Monday, 3 June 2013

Review - Dragon Quest (2009 - Dir. Mark Atkins)


I kind of knew what to expect: it's called Dragon Quest and I got it from Poundland. The whiff of 'Straight to DVD'ness was so excessively pungent I nearly died from asphyxiation, yet I gave it a chance. I'll come to the reason why later...


The massive shame about this film is that they had access to some okay locations, the effects capabilities to render large battle scenes, all of the requisite technical gear, and a bunch of bargain basement actors, but the script is so unoriginal and dull it begs the question, "Why did they even start filming?" The cynical part of me, (is there any other part?) might say that they knew that it would make a modest amount of money on DVD, and it probably has. There must have been virtually zero effort at the writing stage to try to inject any new ideas or more importantly, fun.
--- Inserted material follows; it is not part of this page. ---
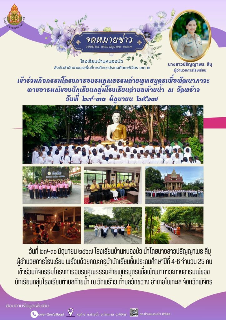 เข้าร่วมกิจกรรมโครงการอบรมคุณธรรมค่ายพุทธบุตรเพื่อพัฒนาภาวะทางอารมณ์ของนักเรียนกลุ่มโรงเรียนตำบลท้ายน้ำ ณ วัดพร้าว วันที่ 29-30 มิถุนายน 2567

See what you think to this: A young lad, Arkadi (Daniel Bonjour - the French male version of Hello Kitty) is on a quest to save a kingdom. On the way he meets a merry band of chums who either help or hinder him on his quest. There is a piece of jewellery that plays an important/boring part in the proceedings. And there's a dragon type thing that's all black and charred because it's on fire. Sound strangely familiar?


Despite all this it could have been entertaining. Arkadi has to face a series of tasks to gain precious stones for his manly necklace. But they're all so nondescript that it's not that clear sometimes why he's actually received a stone. Here's an example of how terrible they are: Arkadi sees a gorgeous naked lady having a bath and she beckons him to join her. He doesn't. Here you go lad, have a stone. What kind of a hero is he? He'd rather decorate his accessories rather than wink and click at ladies. He's pathetic.


Yet, Dragonquest has one saving grace, one glimmer of fun: Marc Singer (AKA The Beastmaster, and the main bloke off of the original V). He hams it up like a prime piece of Pek and gurns at every available opportunity. But he's fun. I'd lose consciousness for long periods of time watching this slice of purgatory, but hearing his voice always brought me back. He even gets to show his sword swinging moves in a Beastmaster inspired shot. It was the only part of the film that received a little cheer from me. Marc Singer is another blameless actor in the style of obscurendure hero, Mark Dacascos. He can do no wrong where I'm concerned.


So in the final rating, all of the points are only awarded due to Marc Singer. If you do feel the need to watch this, just keep fast forwarding to the Singermeister. You won't be missing anything.
2/10
evlkeith



If you like this you could also try:
The Beastmaster, Hawk the Slayer, and if you're really desperate for something to watch, Deathstalker.